New Theories On Why Women Need Reading Glasses Earlier Than Men

For years, it has been unclear why women tend to be diagnosed with presbyopia, or aging-related vision loss, sooner than their male counterparts, but a new report published in a recent issue of Investigative Ophthalmology and Visual Science may finally shed some light on the issue.
 

 
Researchers in California and Texas examined nine previously conducted studies about presbyopia in men and women to compare the frequency and severity of the disease. As the previous studies had shown, women tended to receive bifocals and reading glasses earlier to men as well as require a higher prescription. However, even though the study found no difference in the focusing abilities between both sexes, because women’s arms are, on average, shorter they tend to hold reading materials closer to their eyes and which may affect focusing ability.
 
“These findings could impact global vision care in multiple ways,” Adam Hickenbotham, of UC-Berkeley, said in a news release from the Association for Research in Vision and Opthalmology. “The findings reinforce the need for presbyopia correction programs for women – a group that often has greater unmet vision needs in developing countries.
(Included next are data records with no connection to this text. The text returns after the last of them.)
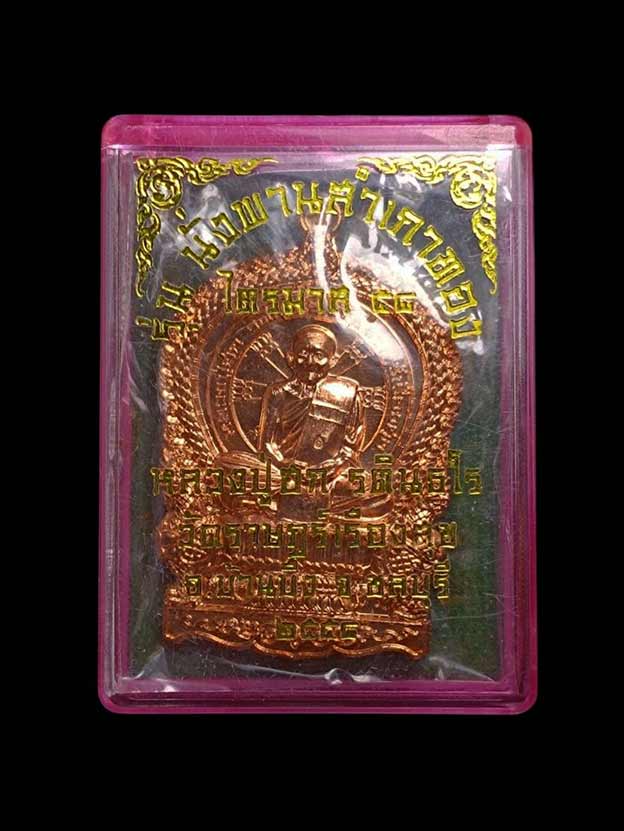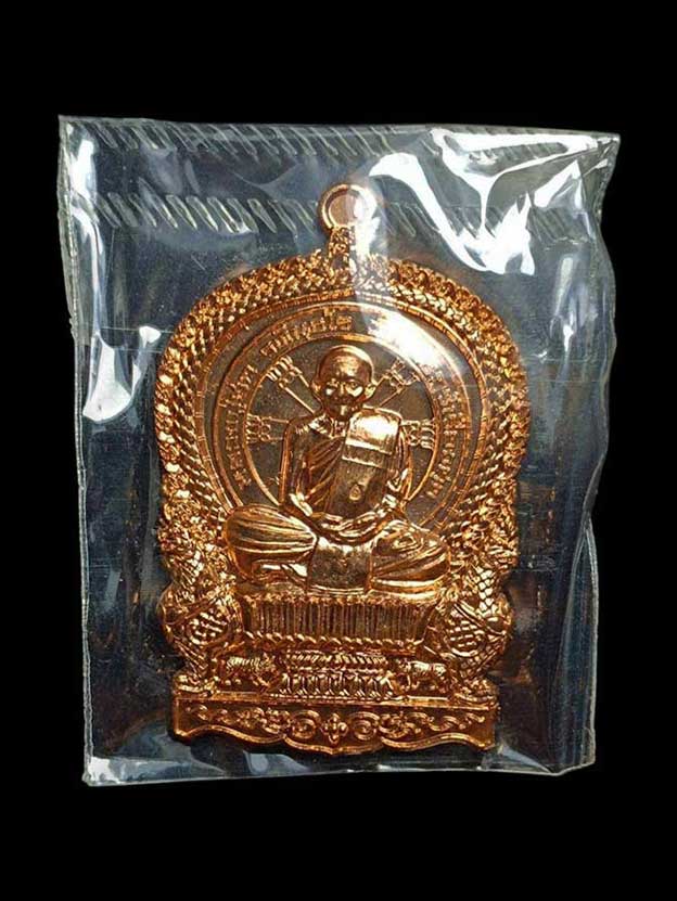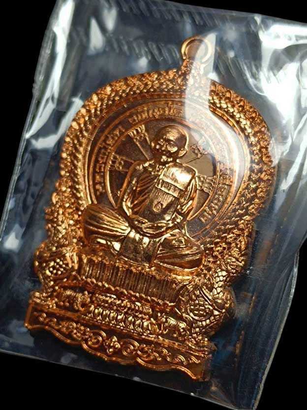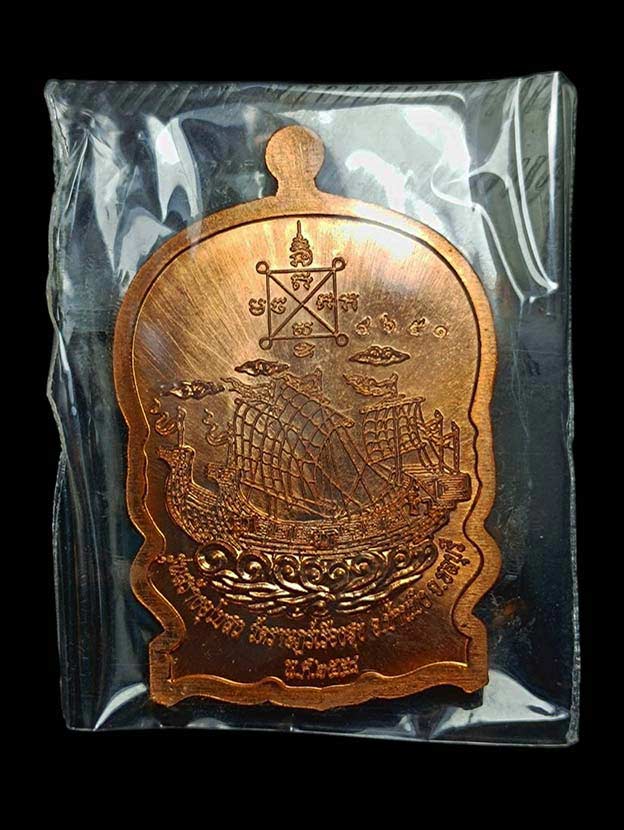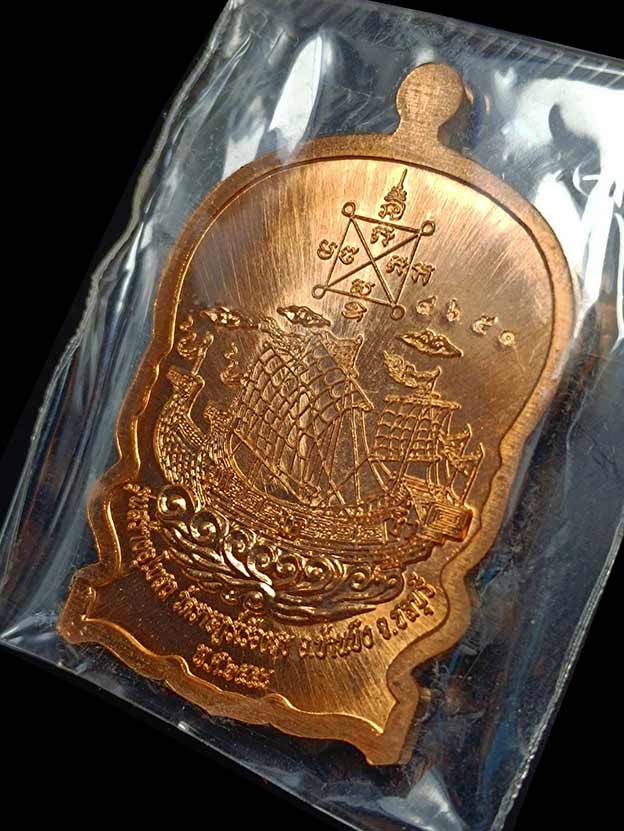 เหรียญนั่งพานสำเภาทอง หลวงปู่ฮก วัดราษฏร์เรืองสุข จ.ชลบุรี ปี 2558 (เนื้อทองแดงผิวไฟ) ตอกโค้ต หมายเลข 9651 พร้อมกล่อง |
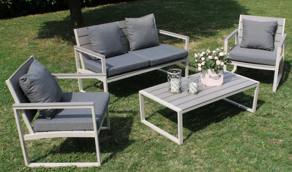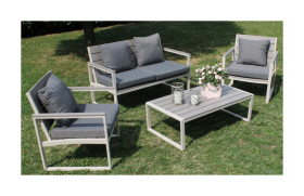 Comode poltrone e un elegante tavolo invitano a trascorre piacevoli ore insieme. Il set in alluminio e textilene piace non solo per l?eleganza ma anche per la sua lunga durata.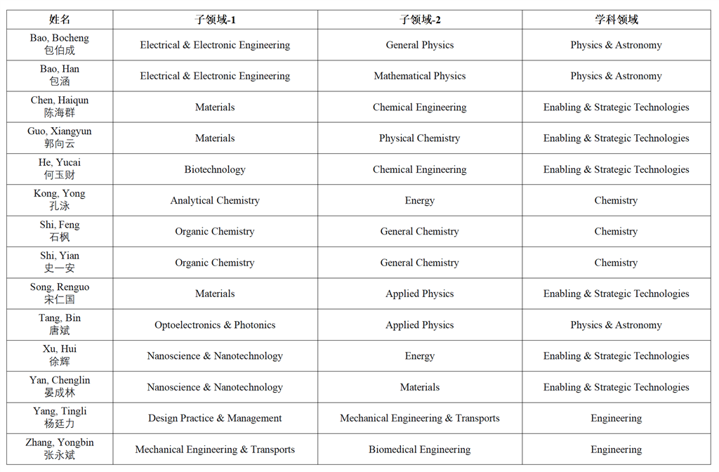 常州大学入选终身科学影响力排行榜学者(按姓氏首字母排序)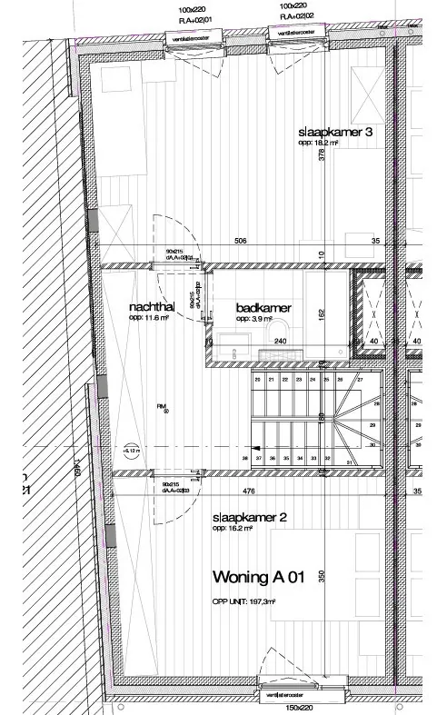*2e verdieping: Nachthal, tweede badkamer en twee extra slaapkamers.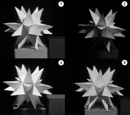 光に関する展示物は、「光と人のふれあい」のスペースに、「光とプリズム」「光ファイバー」「ホログラフィー」「幻の像」などの展示があります。中でも興味深かった展示のひとつに「光の仲間」と題した展示があります。この展示は色彩豊かなオブジェを「①白熱灯」「②蛍光灯(紫外線灯)」「③水銀灯」「③ナトリウム灯」の4種類の異なる光源で照らし、その色彩の見え方(演色性)を体験できる展示です。

It also points out that presbyopia is a multi-factorial problem and requires solutions that are tailored to each individual.”
 
Further studies will need to take place, as Medical Daily wrote, “particularly ones that are more careful to control for outside factors that may contribute to the condition’s development.” However, as the paper’s authors stated, “Greater comprehension of the etiology of presbyopia and its contributing factors among medical and vision care providers could lead to changes in correction methods and account for sex differences in near-vision requirements.”